7. He blagged his first theatre job by pretending to know about classical music
Cox credits two of his teachers – George Hackett and Bill Dewar – with seeing something in him and supporting in his schooldays. Dewar, in particular, introduced him to the local Repertory theatre and suggested he apply for a general dogsbody role there when an older student of his quit it to head off to drama school. “I got an interview and went to the office,” says Cox. “I remember they were asking me about classical music; of course I knew nothing.” However, his school music teacher has just been playing the trumpet march from Aida, so Cox replied: “Well, you know, I really do like Verdi. I think Aida is one of my favourites. Particularly the trumpet march.” Although he thinks the interviewer “kind of knew that I was blagging it,” he still got the job.
8. He cut his teeth in repertory theatre in his early 20s but thinks his acting then was ‘terrible’
Cox’s first professional acting jobs in the theatre came as part of repertory companies, first at the Lyceum in Edinburgh then in Birmingham. It gave him the opportunity to play a vast array of roles and find his way as an actor. “It was an amazing time and I went to the West End – that was my first journey to the West End when I was 21,” he recalls, but is blunt about his youthful promise: “I was terrible in all of the roles, it has to be said, but it was a wonderful, wonderful experience. Young actors don’t get that experience now, it’s just a shame.”
9. He tried the Hollywood life but it didn’t suit him
Cox currently resides in New York and still loves his Scottish homeland, but could never live in LA. “I remember I went to Hollywood in the seventies,” he says. “The life then – the fastness of the life, the glibness of the life – is something that I really couldn’t take. I really couldn’t handle it.

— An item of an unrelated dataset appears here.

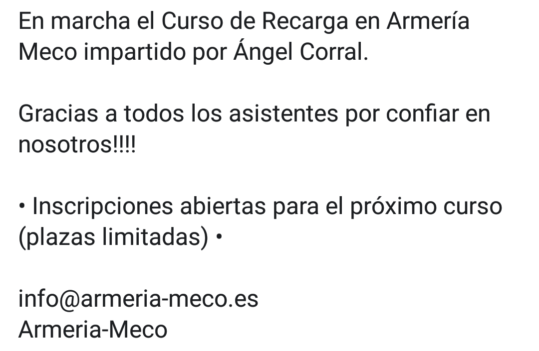 En el club en donde tiro, imparten el 21 de octubre un nuevo curso de recarga. Zona de Lleida/Lérida, Ctra. N-230 km. 11,8. Comida más que digna incluida en el mismo restaurant del complejo, aparte del material necesario, libro, incluso en soporte digital -creo, al menos en el curso que yo asistí lo dieron

I just came back, did my work, as my old friend [actor] Fulton Mackay used to say: ‘Follow your mercenary calling and draw your wages.’”
10. He shares only his misanthropy with his Succession character Logan Roy
In the last couple of years Cox has had phenomenal success playing a Rupert Murdoch-like media tycoon in Succession, but the character is almost entirely unlike him. “I think Logan and I both have one thing in common: we find the human experiment rather disappointing,” he says. “I flirt with misanthropy all the time, but I’m an optimist so I always come down on the good side.”